Topic: Genetic Mechanisms and Gene Therapy in Liver Disease

The liver plays a central role in metabolism, detoxification, immune regulation, and nutrient homeostasis. Consequently, genetic alterations affecting hepatic function can lead to a wide spectrum of diseases, ranging from rare monogenic metabolic disorders to complex, multifactorial conditions such as fatty liver disease and hepatocellular carcinoma. In recent years, advances in genomics, molecular biology, and gene-editing technologies have significantly deepened our understanding of the genetic mechanisms underlying liver disease and opened new avenues for precision therapies.

High-throughput sequencing technologies have enabled the identification of pathogenic variants responsible for inherited liver disorders such as Wilson disease, alpha-1 antitrypsin deficiency, progressive familial intrahepatic cholestasis, and urea cycle disorders. At the same time, genome-wide association studies and multi-omics approaches have uncovered genetic risk factors that contribute to common liver diseases, including metabolic dysfunction-associated steatotic liver disease (MASLD), viral hepatitis progression, and liver cancer. These discoveries are transforming our understanding of disease pathogenesis and enabling the development of targeted therapeutic strategies.

Parallel to these advances, gene therapy has emerged as one of the most promising approaches for treating liver diseases. The liver is an especially attractive target for gene-based therapies due to its accessibility through systemic delivery, high regenerative capacity, and central metabolic role. Recent breakthroughs in adeno-associated viral (AAV) vectors, lipid nanoparticle-mediated nucleic acid delivery, and genome-editing technologies such as CRISPR/Cas systems have accelerated the translation of gene-based interventions from experimental models to clinical trials. These strategies include gene replacement, gene silencing, genome editing, and RNA-based therapeutics, many of which have demonstrated encouraging results in preclinical studies and early-phase clinical trials.

Despite this progress, several challenges remain. These include achieving efficient and durable gene delivery, avoiding immune responses, ensuring genomic safety, and addressing ethical and regulatory considerations. Furthermore, translating genetic discoveries into clinically effective therapies requires interdisciplinary collaboration among geneticists, hepatologists, molecular biologists, and clinical researchers.

This Special Issue, “Genetic Mechanisms and Gene Therapy in Liver Disease,” aims to provide a comprehensive overview of recent advances in the field. We welcome original research articles, reviews, perspectives, and methodological studies that explore the genetic basis of liver disease and the development of innovative gene-based therapeutic approaches. By bringing together insights from basic science and translational research, this collection seeks to highlight emerging discoveries, identify remaining challenges, and accelerate the development of effective genetic therapies for liver disorders.

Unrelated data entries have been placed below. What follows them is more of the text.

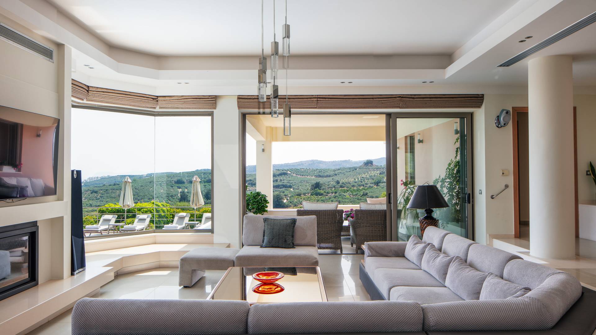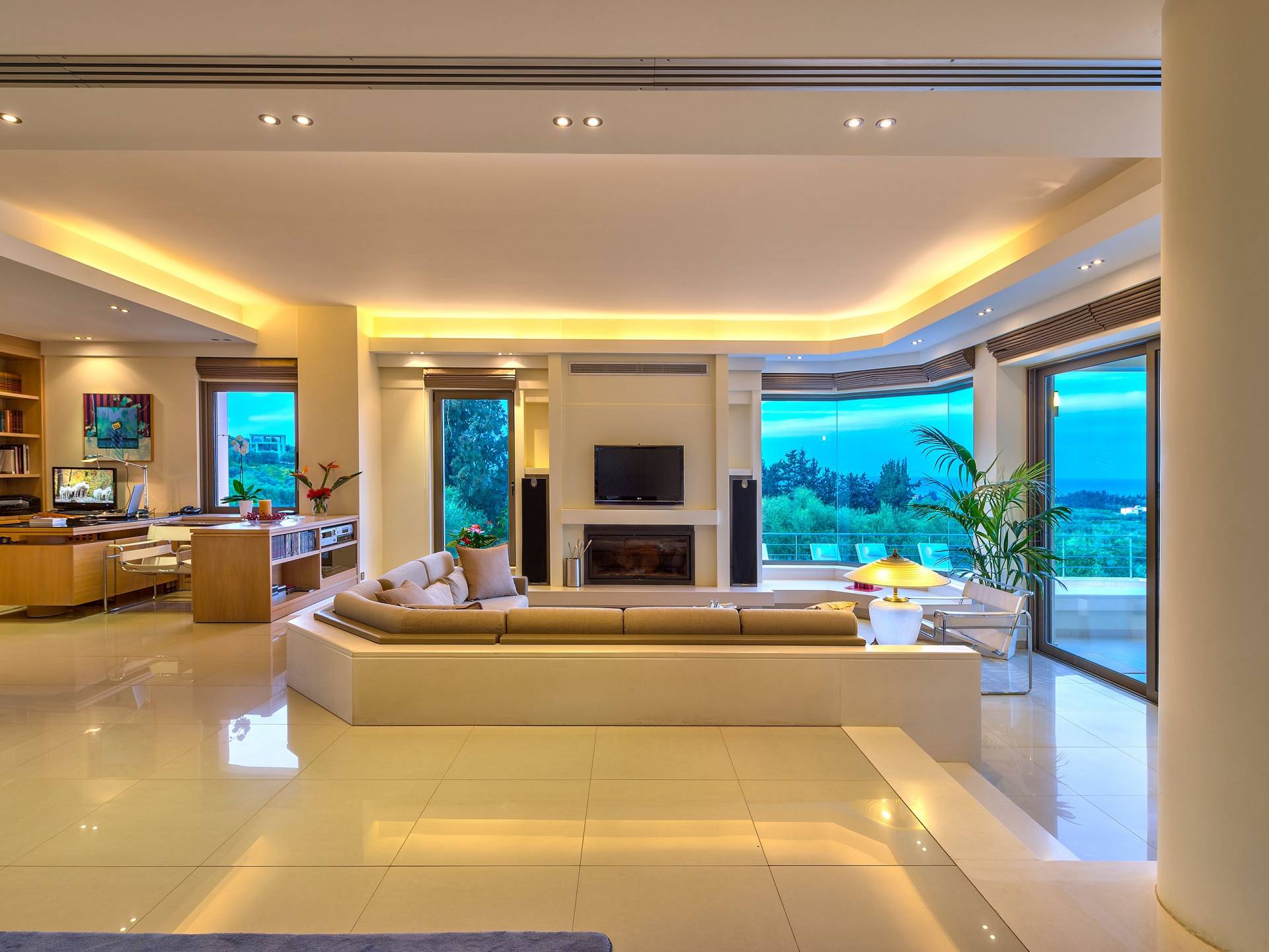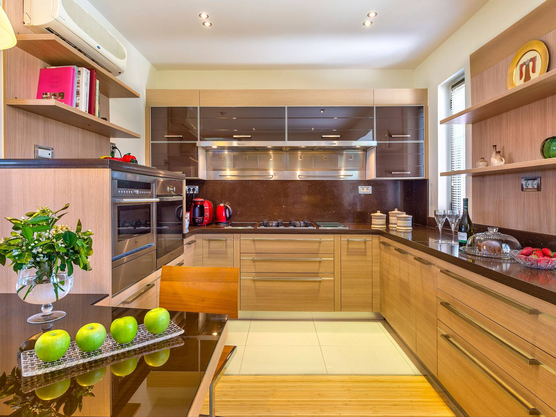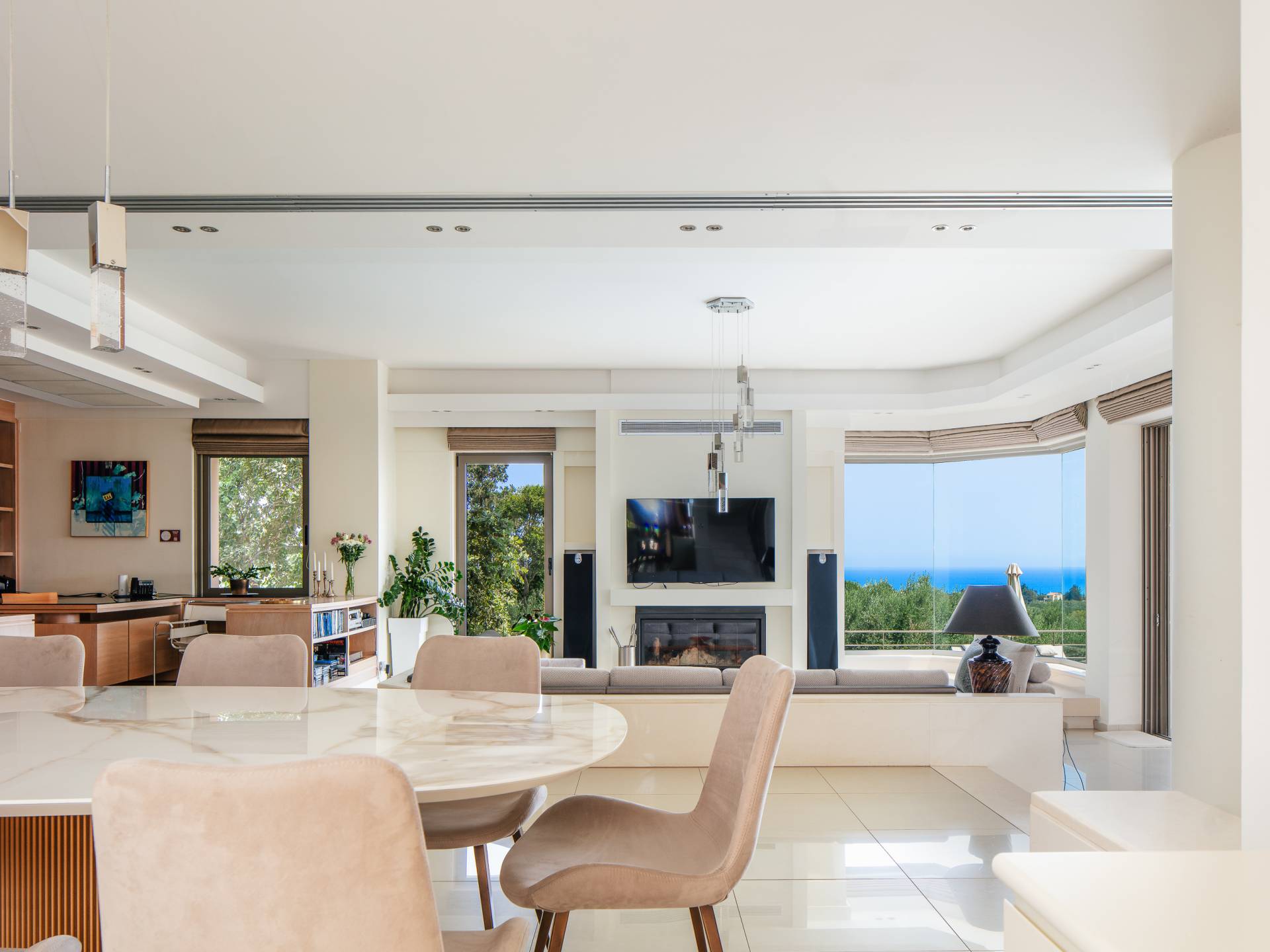 Aménagement intérieur : en entrant dans la villa Anastasia au rez-de-chaussée, vous trouverez un espace ouvert spacieux composé d'un salon avec une cheminée, d'une télévision HD par satellite de 40 pouces, d'une salle à manger intérieure et d'une cuisine entièrement équipée avec des accessoires de qualité supérieure et appareils électroménagers. Le salon s'ouvre sur une véranda avec un coin salon et une table à manger qui vous mène également à la piscine et au jardin. Un espace bureau organisé avec un système de son et un ordinateur portable et des toilettes se trouvent également au même étage. Le rez-de-chaussée accueille une chambre avec un lit king-size et une salle de bain en suite. Atteindre le premier étage par un escalier, il y a une chambre principale avec un lit king-size, un dressing et une salle de bain avec baignoire jacuzzi et douche hydro-massage. La chambre principale a accès à une grande véranda avec un coin salon qui offre une vue imprenable sur la mer.
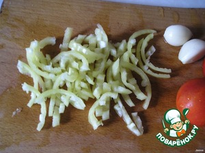 • Над сковородой на тёрочке натираем помидоры, оставляя шкурки в руке. Выдавливаем чеснок туда же. Минутки 2 прижариваем.
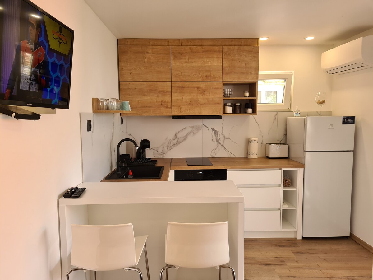 Het appartement bestaat uit een slaapkamer, een woonkamer met een slaapbank, ideaal voor een volwassene of kinderen tot 12 jaar. De volledig uitgeruste keuken met een kook- en eettafel maakt het mogelijk om op verzoek van de gast gerechten te bereiden van ontbijt, lunch en diner. Een complete badkamer met ligbad, klein balkon en een groot terras met ligstoelen en parasols maken deze ruimte compleet voor zowel een kortere als langere vakantie.
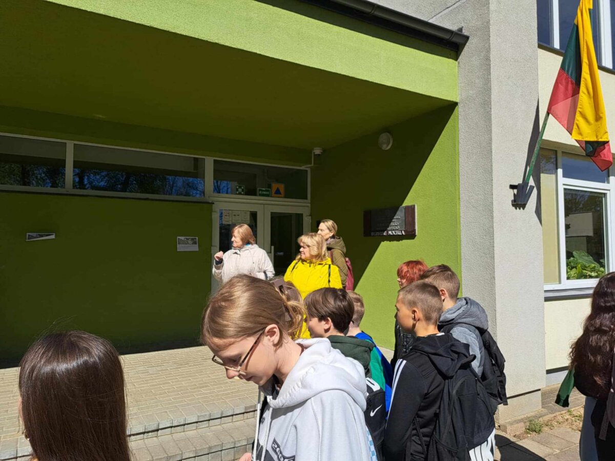 Kaštonų mokyklos 7b klasės mokiniai su lietuvių kalbos ir literatūros mokytoja A... -
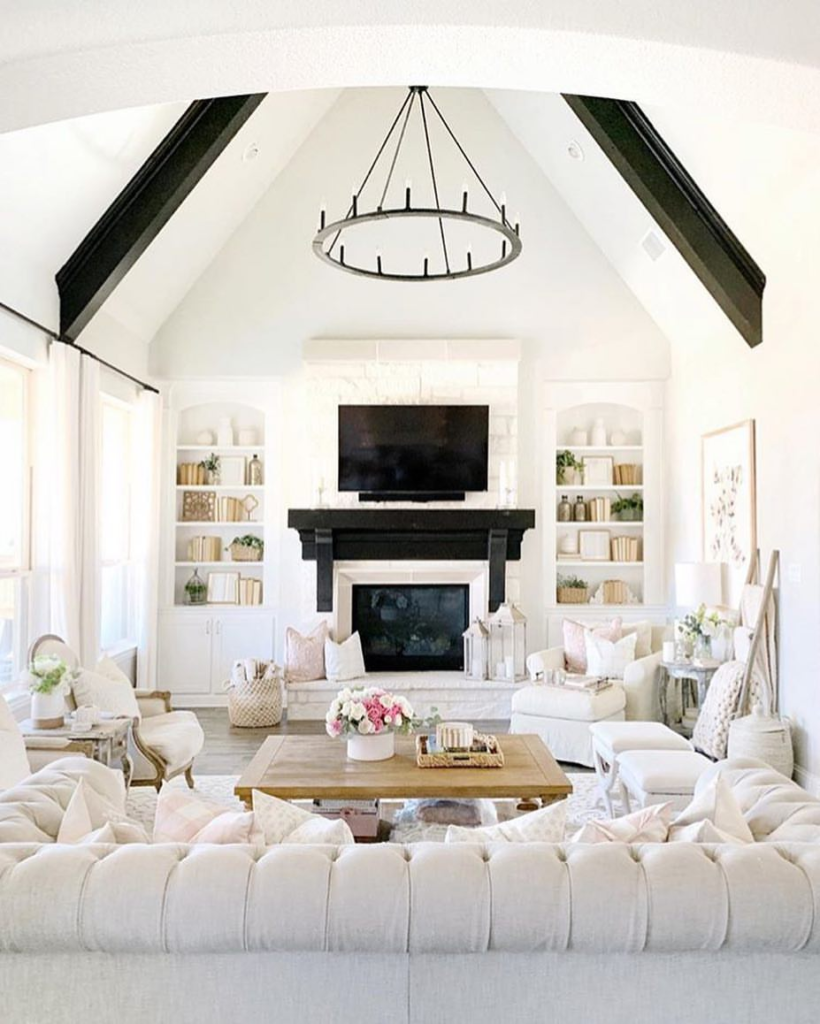 The white tufted couch is the centerpiece of a room with dramatic cathedral ceilings. An industrial chandelier adds a bold touch, while soft pillows and floral elements bring in subtle color and texture. Built-in shelving and a classic fireplace frame the space, contributing to its elegant charm.
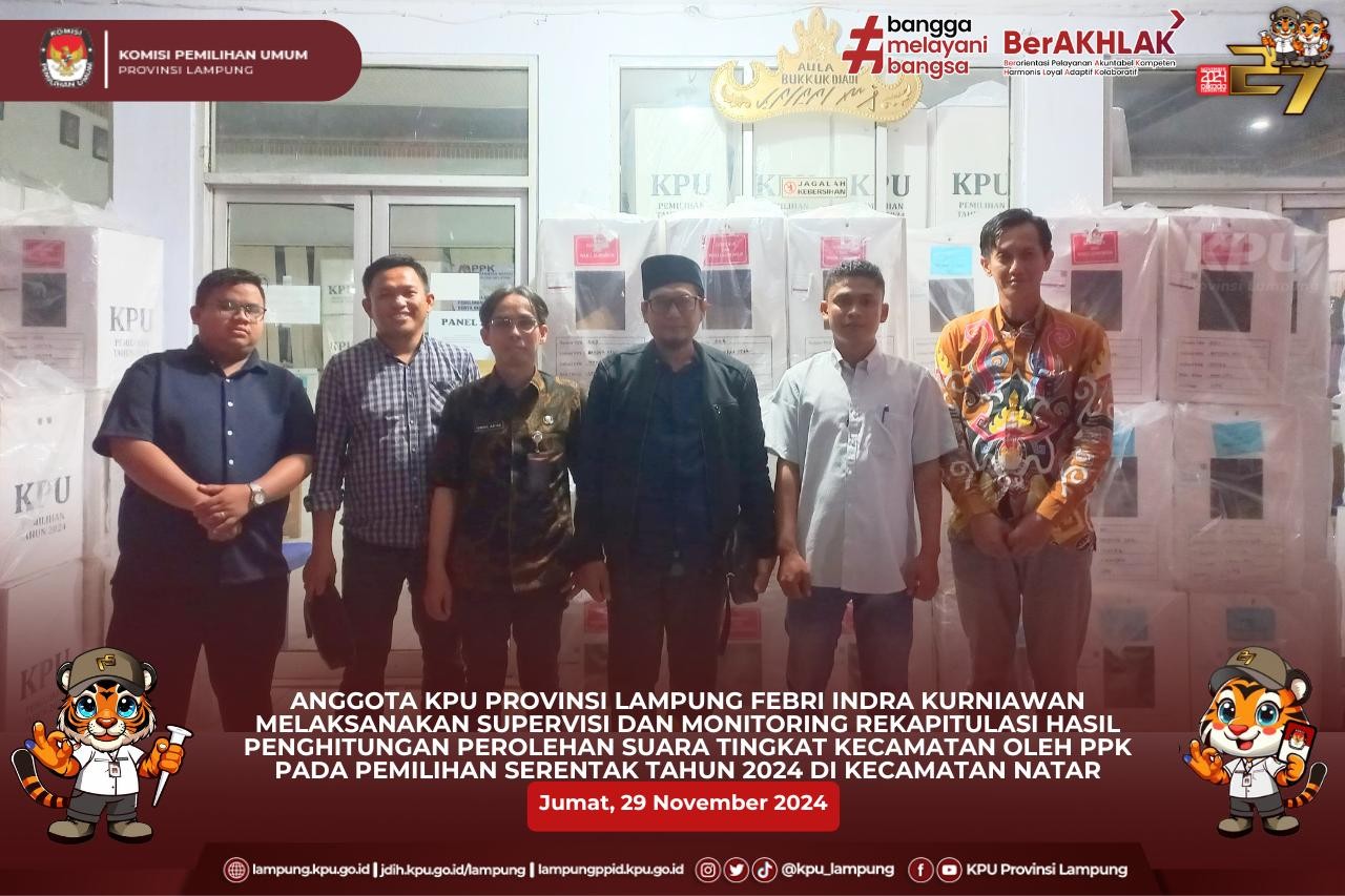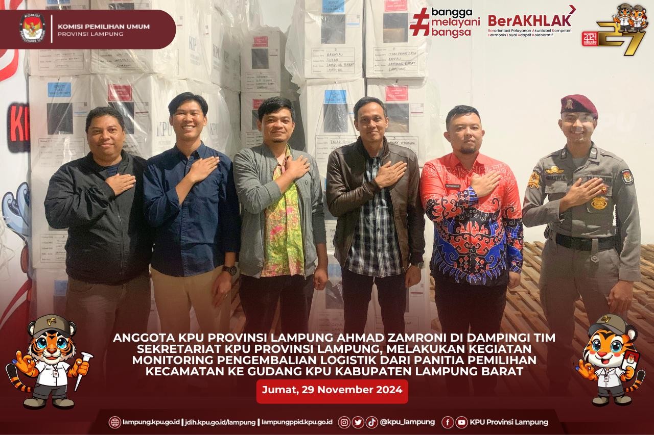 Anggota KPU Provinsi Lampung (Ketua Divisi Perencanaan dan Logistik), Ahmad Zamroni di dampingi tim Sekretariat KPU Provinsi Lampung, melakukan kegiatan monitoring pengembalian logistik dari Panitia Pemilihan Kecamatan (PPK) ke gudang KPU Kabupaten Lampung Barat.
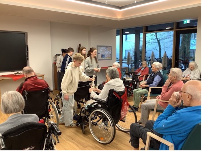 Durch den Besuch entstand eine festliche Atmosphäre, die den Bewohnerinnen und Bewohnern des Pflegeheims große Freude bereitete. Gleichzeitig erhielten die Schülerinnen und Schüler einen wertvollen Einblick in den Alltag der Pflegeeinrichtung und erkannten, wie wichtig Wertschätzung und kleine gute Taten sind.
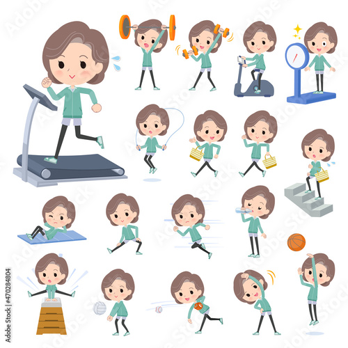 エクササイズやスポーツに関する青緑ジャージ中年女性のセット
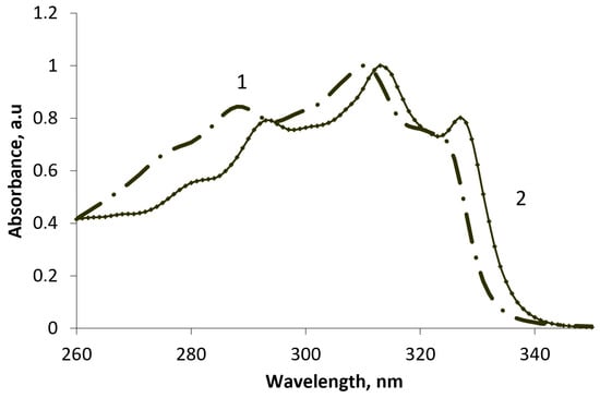 Figure 2. UV spectrum of the two tautomeric forms obtained by treating the source of the UV spectrum program MILCA for benzannelated analog 1a: (1) the ketonic form and (2) the enolic form.
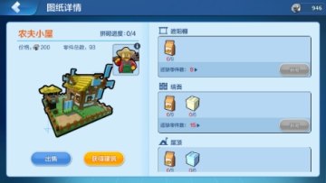 先别急,利用圆帽购买图纸之后,还需要使用材料拼砌各个建筑结构。以图纸“农夫小屋”为例,就需要拼砌地基、遮阳棚、屋顶、墙面四个建筑结构,每个结构都需要一定的零件,小伙伴可以对照搜集。
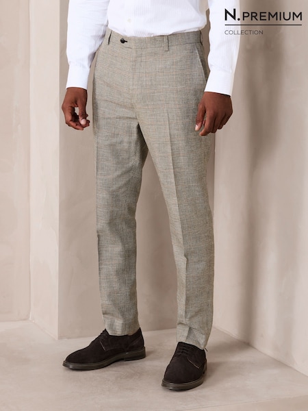 Neutral Regular Fit Linen Blend Check Suit Trousers
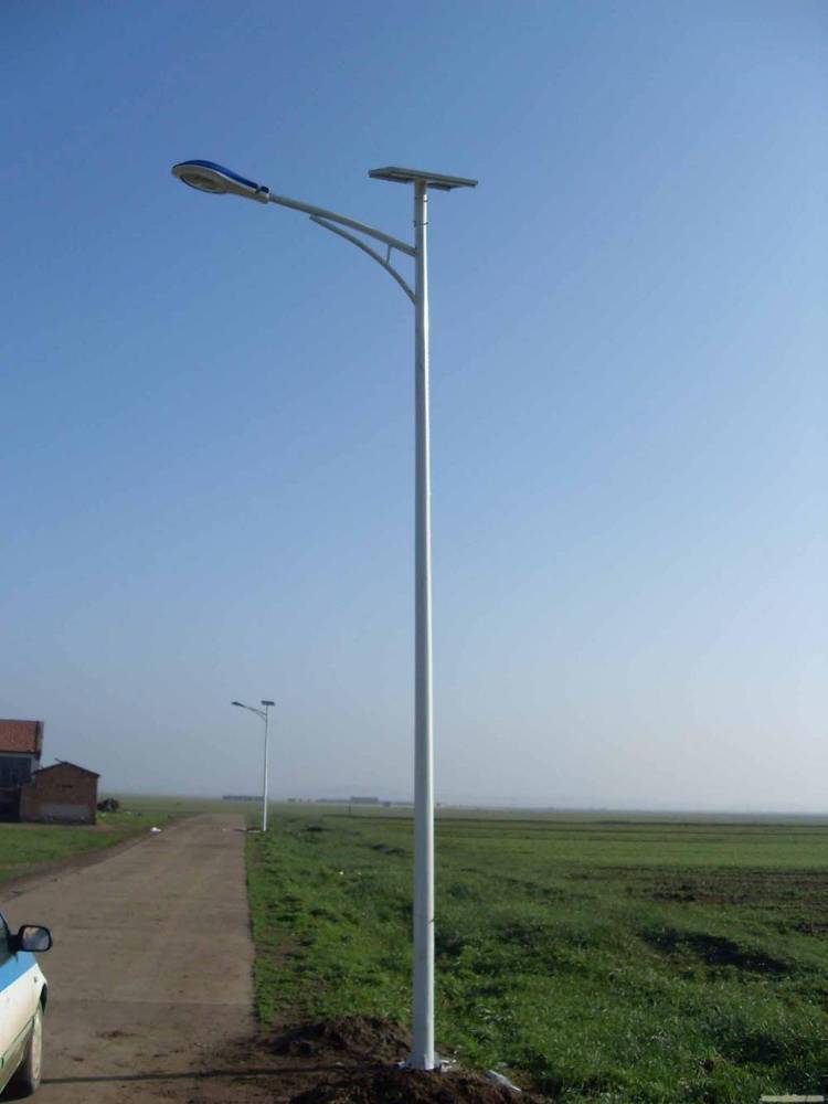 一般太阳能路灯的灯杆的材质是Q235钢材,博兴照明为了增加灯杆的耐腐蚀性,对灯杆进行了热镀锌处理,外表喷涂了氟碳漆,整个灯杆可谓是全副武装,可以保证路灯灯杆在15年内不会被腐蚀,在质量上有信心。
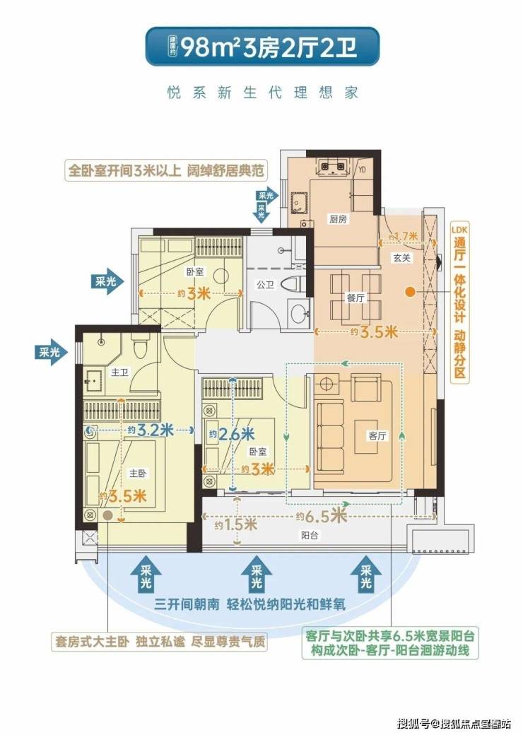 •LDK通厅设计,双开间超6米宽景阳台
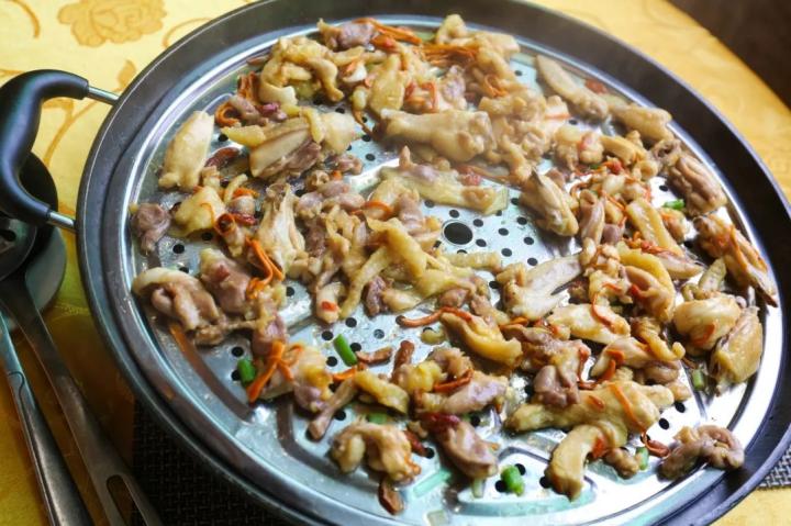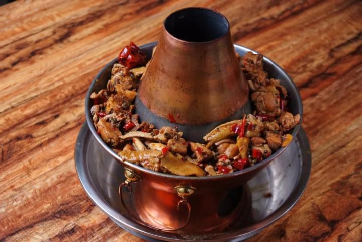 在鸡头上,小鸡炖蘑菇是东北人过年时招待女婿的标配,当地流传着“姑爷领进门,小鸡吓断魂”的说法;最西北的鸡尾处,新疆沙湾的大盘鸡最适合大块朵颐,连拌的面都得是裤带粗的宽面,让人望之顿生豪迈。
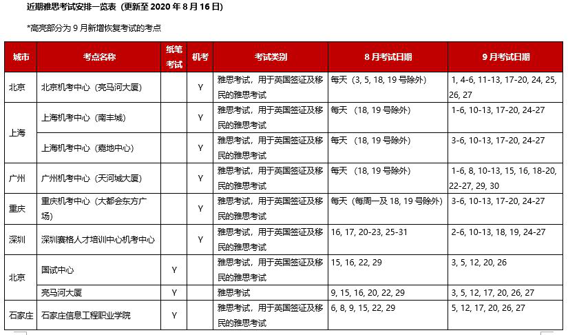 · 9月北京機考中心新增9月1日, 5日, 12日, 26日, 27日,廣州機考中心新增9月8日, 15日, 16日, 22日, 23日, 29日, 30日的雅思和用于英國簽證及移民的雅思(IELTS for UKVI)機考場次,其它機考中心的場次和考位也在陸續增加中。
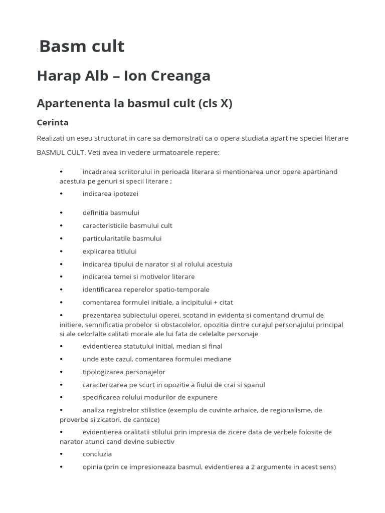 Povestea lui harap alb schița analizei încadrarea într un curent specie mișcare specie basm prin. Cand vei ajunge şi tu odată mare şi tare îi cauta să judeci lucrurile de a fir a păr şi vei crede celor. Inspirându se din vechiul testament tudor. Propus ca alternativă superioară la numeroasele eseuri mediocre din diverse auxiliare şi culegeri cu subiecte posibile acest eseu asigură elevilor o notă foarte bună la bacalaureat.

Suggested Topics for the Special Issue

● Genetic architecture of inherited liver diseases;

● Molecular mechanisms of monogenic liver disorders;

● Genomics and multi-omics approaches in liver disease;

● Genetic modifiers and susceptibility loci in MASLD/NAFLD;

● Epigenetic regulation in liver disease development and progression;

● Gene-environmental interactions in liver pathogenesis;

● Advances in viral vectors for liver-directed gene therapy (e.g., AAV, lentiviral vectors);

● Non-viral delivery systems for hepatic gene therapy (e.g., lipid nanoparticles);

● CRISPR/Cas and next-generation genome-editing technologies in liver diseases;

● Base editing and prime editing applications in hepatology;

● RNA-based therapeutics (siRNA, antisense oligonucleotides, mRNA therapies);

● Gene therapy for inherited metabolic liver diseases (e.g., Wilson disease, PFIC, OTC deficiency);

● Gene-based strategies for alpha-1 antitrypsin deficiency;

● Genetic and gene therapy approaches for cholestatic liver diseases;

● Gene therapy in viral hepatitis and liver fibrosis;

● Genetic drivers and gene-targeted therapies for hepatocellular carcinoma;

● Preclinical models for gene therapy in liver disease;

● Safety, immunogenicity, and long-term efficacy of liver-directed gene therapies;

● Biomarkers and patient stratification for genetic therapies;

● Ethical, regulatory, and clinical translation challenges in gene therapy for liver diseases;

● Precision medicine and personalized genetic treatment strategies in hepatology.